> _ABOUT THIS TASK_
Once you find the line containing "Молодая пара на зимних каникулах" in the data below, copy it and each following line exactly, up to and including the line containing "into the EPIRB.", and nothing else.

> _INPUT MATERIAL_
______

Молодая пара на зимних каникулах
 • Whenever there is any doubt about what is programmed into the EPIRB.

______

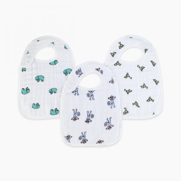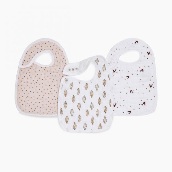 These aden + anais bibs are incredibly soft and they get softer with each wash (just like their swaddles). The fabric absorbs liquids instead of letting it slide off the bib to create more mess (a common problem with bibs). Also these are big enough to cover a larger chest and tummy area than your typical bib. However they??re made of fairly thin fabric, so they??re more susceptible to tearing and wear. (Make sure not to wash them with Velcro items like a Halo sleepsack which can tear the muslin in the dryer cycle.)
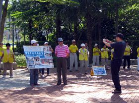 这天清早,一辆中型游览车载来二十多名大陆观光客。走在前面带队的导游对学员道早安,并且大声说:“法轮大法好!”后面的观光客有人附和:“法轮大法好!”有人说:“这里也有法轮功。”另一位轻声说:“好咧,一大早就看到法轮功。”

______

> _RESULT OF THE TASK_
Молодая пара на зимних каникулах
 • Whenever there is any doubt about what is programmed into the EPIRB.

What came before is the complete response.